**Exercise objective:**
Skip the pictures and retype exactly the lines from the one holding "患者が来院してから帰宅するま" through the end of the entries.

**Provided records:**
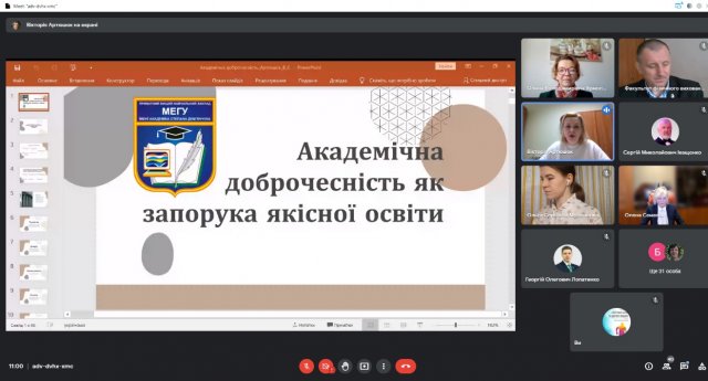 Корисну інформацію презентувала Вікторія Артюшок, кандидат економічних наук, доцент, завідувач Центру забезпечення якості вищої освіти Міжнародного економіко-гуманітарного університету імені академіка Степана Дем'янчука, у доповіді «Академічна доброчесність як запорука якісної освіти».
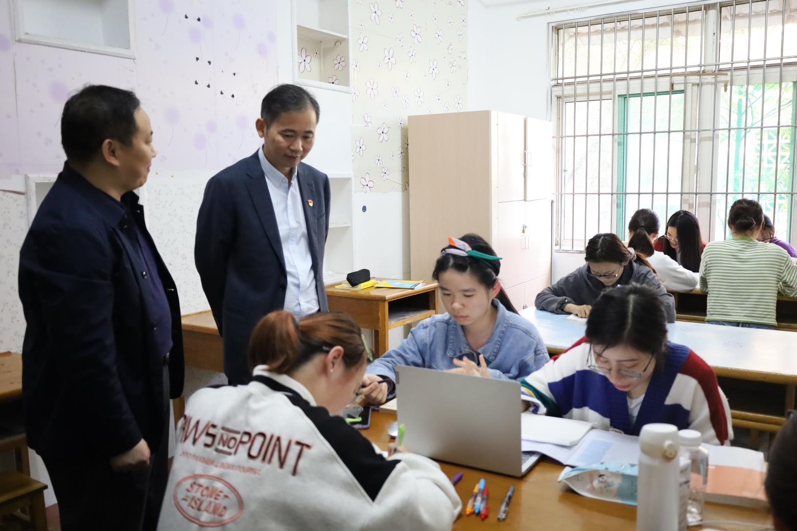 赵伟还参观了设在109寝室的考研自习室,看望正在紧张准备考研复习的同学,勉励他们刻苦学习,顽强拼搏,同时要注意劳逸结合,加强锻炼。他指出,文传学院在宿舍楼栋中开辟考研自习室,给考研的同学创造良好学习条件,既是关心关爱学生的具体体现,也是加强学风建设的重要举措,值得肯定和表扬。
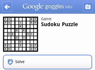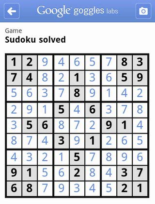 現在 Google 推出 goggles 1.3 版,除了改進了一些功能外,還增加了一個人工智慧解答數獨的功能,只要往報紙雜誌或螢幕上的數獨方塊照張相,便會立即透過雲端智慧,將數獨的空格填滿!
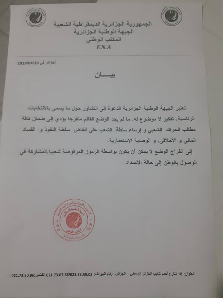 “ما لم يجد الوضع القائم متفرجا يؤدي إلى ضمان كافة مطالب الحراك الشعبي وإرساء سلطة الشعب على أنقاض سلطة النفوذ والفساد المالي والأخلاقي والوصاية الإستعمارية”.
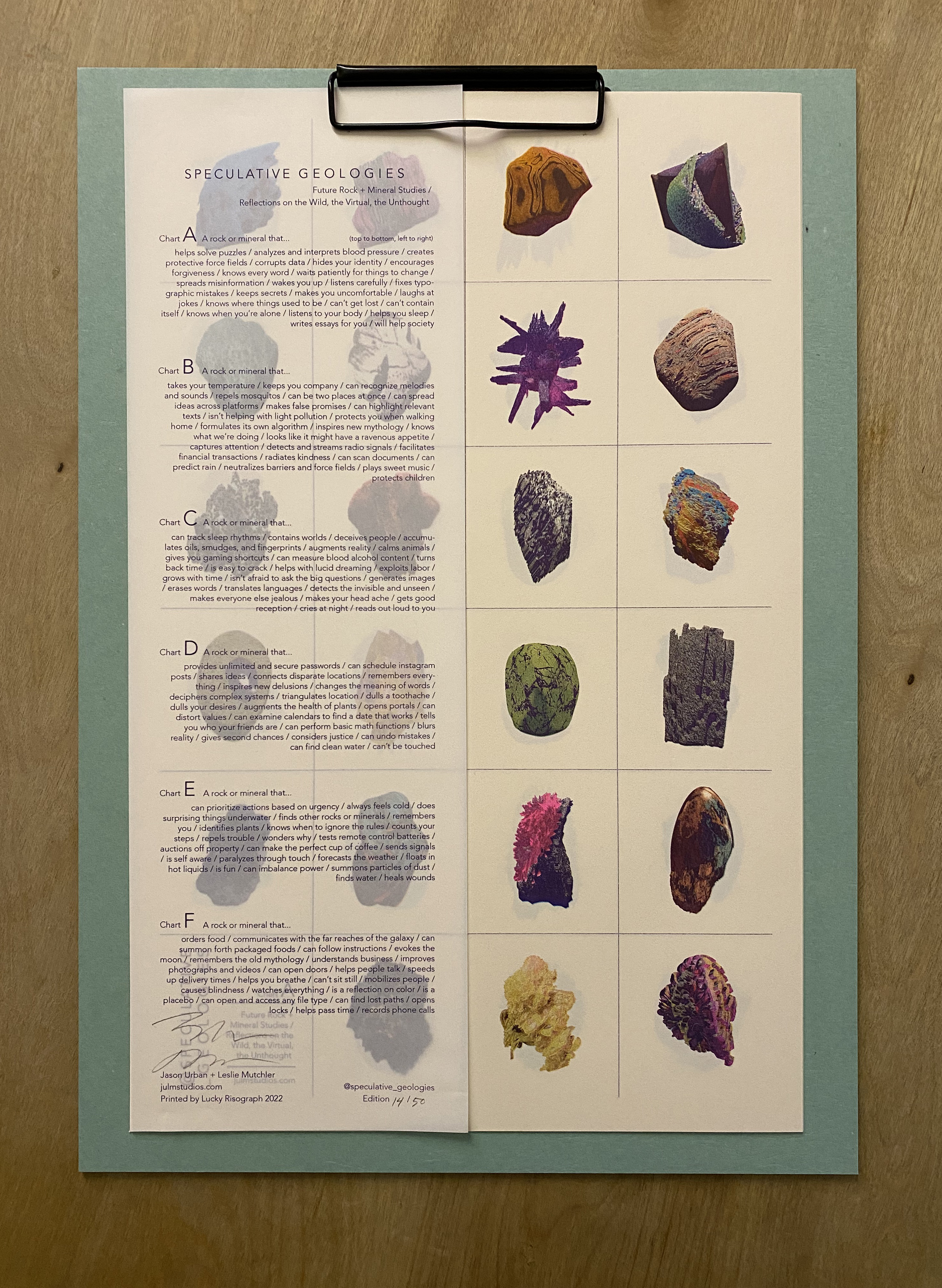 JASON URBAN and LESLIE MUTCHLER (JULMstudios) have been working collaboratively since 2012; they live and work in Brooklyn, New York. As a collaborative duo, they exercise a coequal approach to art and life that focuses on research and problem-solving. With a relationship of physical to metaphysical in mind, their practice is increasingly about the natural world and the way digital technologies influence and distort our relationship to nature.
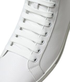Dolce & Gabbana White Calf Leather Bos Taurus Low Top Sneakers
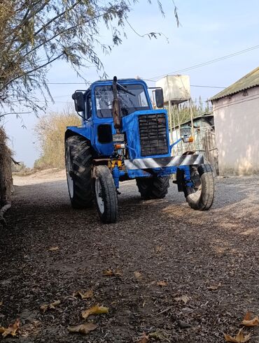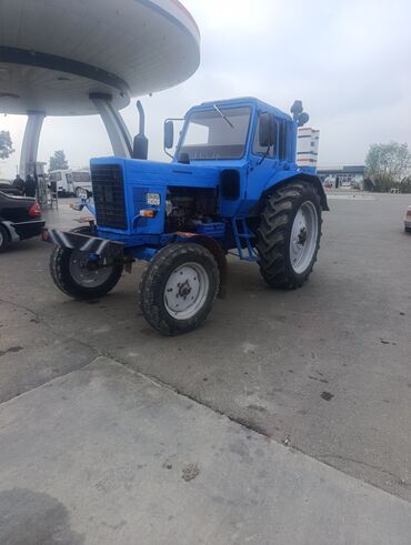 Mavi rəngdə təkərli kənd təsərrüfatı traktoru
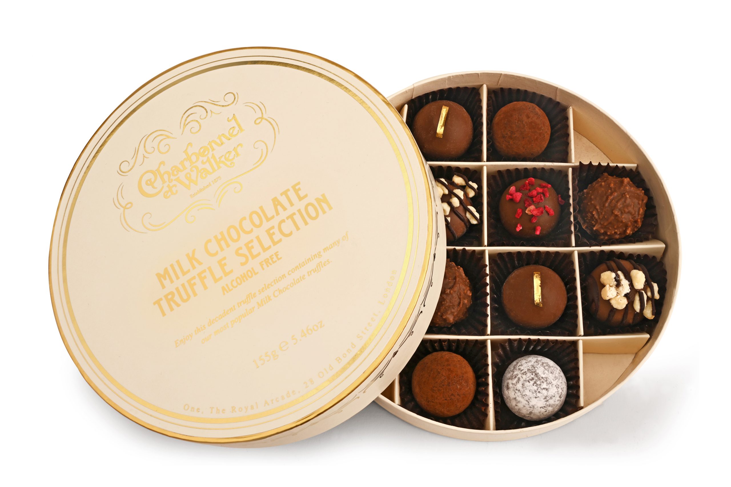 This elegant cream and gold Charbonnel et Walker gift box contains twelve classic Milk Chocolate Truffles. With two each of the following, Sea Salt Billionaire’s, Milk Sea Salt Caramel, Raspberry, Milk Chocolate, Milk Hazelnut Cream with edible gold leaf and Caramelised Biscuit Truffles. A sensational selection, beautifully presented with Charbonnel et Walker satin ribbons
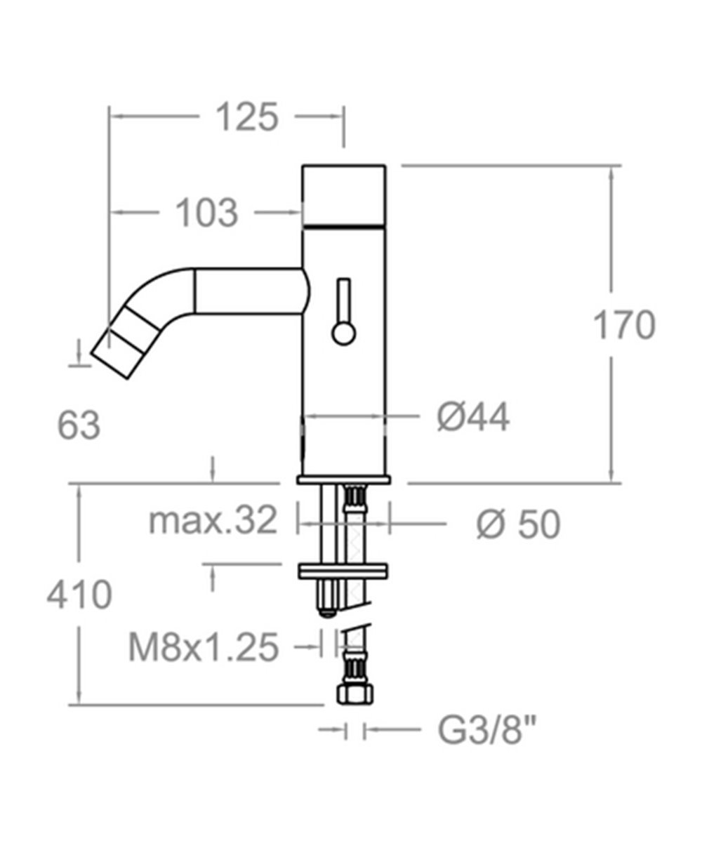 Lavabo sensitive avec mélangeur pour eau froide Fonctionnement automatique bec fixe vanne magnétique raccordement flexible ⅜" sur batterie ou sur...
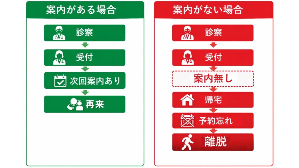 患者が来院してから帰宅するまでの体験の中で、次回の通院行動が整理されているかどうかが大きく影響します。
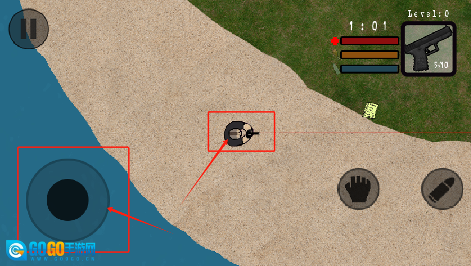 2、操控左下摇杆来移动角色,留意右上角显示的生命值为5/10,以及当前时间1分01秒。
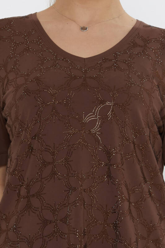 Bluzka z dekoltem w serek, haftowana kamieniami, brązowa - 80044 | KAZEE (Zestaw 3 sztuk L-XL-2XL)

**Exercise output:**
 患者が来院してから帰宅するまでの体験の中で、次回の通院行動が整理されているかどうかが大きく影響します。
 2、操控左下摇杆来移动角色,留意右上角显示的生命值为5/10,以及当前时间1分01秒。
 Bluzka z dekoltem w serek, haftowana kamieniami, brązowa - 80044 | KAZEE (Zestaw 3 sztuk L-XL-2XL)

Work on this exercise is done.